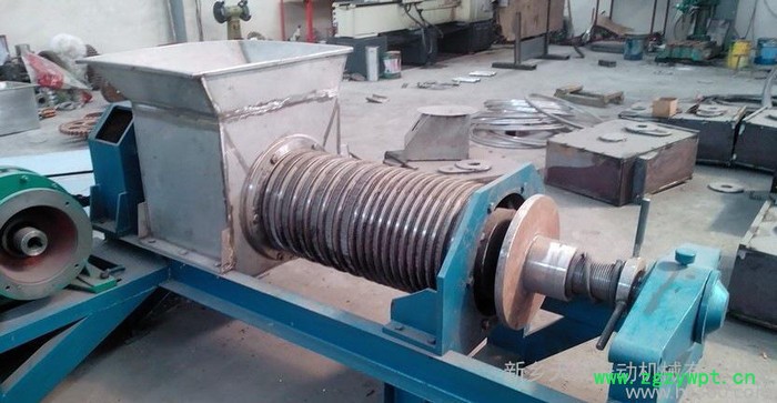 该设备主要有机架、送料部分,压榨部分,传动部分,电控部分组成。其中双螺旋包括反向旋转的输送螺旋和压榨螺旋;单螺旋压榨机除了带有强力进料装置和止退装置外,其螺旋分为进料螺旋、压榨螺旋、挤压螺旋三部分。
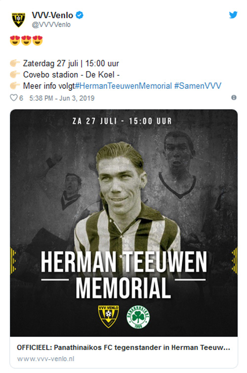 Όπως ανακοίνωσε τη Δευτέρα η ολλανδική ομάδα η αναμέτρηση κόντρα στο «τριφύλλι» θα διεξαχθεί στις 27 Ιουλίου, στη μνήμη του παλαίμαχου ποδοσφαιριστή, Χέρμαν Τόιβεν.
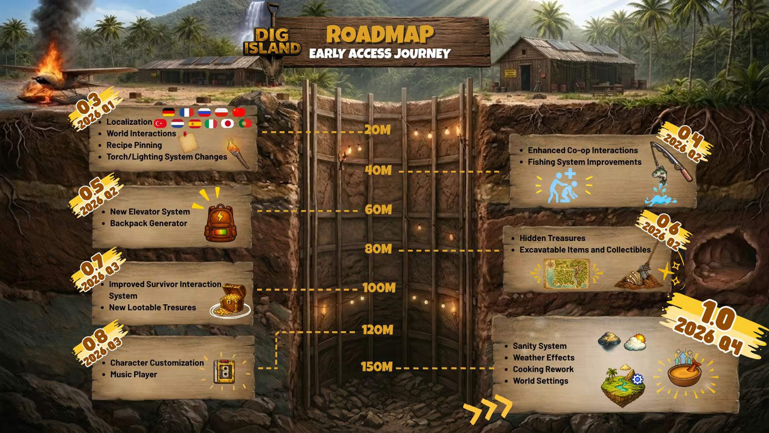 Up to four players can explore the island together, sharing tasks, managing the base, digging deeper underground, and surviving the island’s unpredictable challenges as a team.
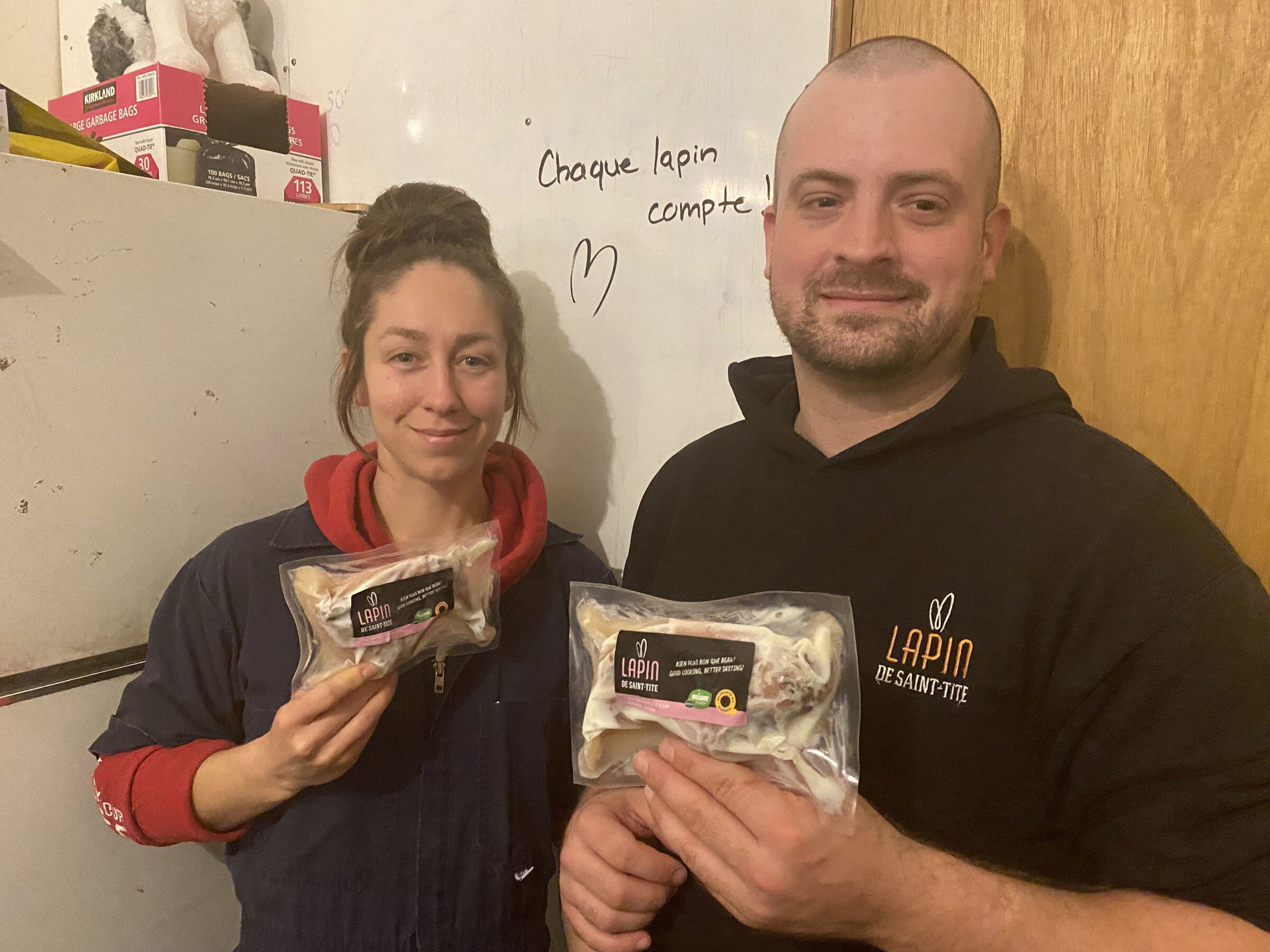 Le couple explore également les débouchés reliés à l’alimentation animale avec les restes des carcasses de leurs lapins une fois passés par l’abattoir. “Du côté de la consommation animale, la viande crue est un marché en pleine croissance. Et la protéine animale du lapin est la seule, avec celle du canard, que tu peux donner à tes animaux qui sont hypoallergéniques. Et comme la viande de lapin est très maigre, elle offre un super potentiel”, ajoute Pascal Côté qui compte valoriser les abats et les os restants des lapins en les moulant très finement pour former une pâte ne contenant aucune farine. “La demande de permis est faite et on a fait attester notre procédé par un agronome”, ajoute Jasmine Vigeant.
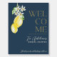 Complete the look for your mani squeeze bridal shower theme with this welcome sign. Featuring a minimalist lemon, flower and leaves bunch along with the word welcome in chic typography in golden color

- Assignment: Return, unchanged, the lines from the first line of the material through the line that holds "Up to four players", inclusive, omitting pictures.

- Task output:
 该设备主要有机架、送料部分,压榨部分,传动部分,电控部分组成。其中双螺旋包括反向旋转的输送螺旋和压榨螺旋;单螺旋压榨机除了带有强力进料装置和止退装置外,其螺旋分为进料螺旋、压榨螺旋、挤压螺旋三部分。
 Όπως ανακοίνωσε τη Δευτέρα η ολλανδική ομάδα η αναμέτρηση κόντρα στο «τριφύλλι» θα διεξαχθεί στις 27 Ιουλίου, στη μνήμη του παλαίμαχου ποδοσφαιριστή, Χέρμαν Τόιβεν.
 Up to four players can explore the island together, sharing tasks, managing the base, digging deeper underground, and surviving the island’s unpredictable challenges as a team.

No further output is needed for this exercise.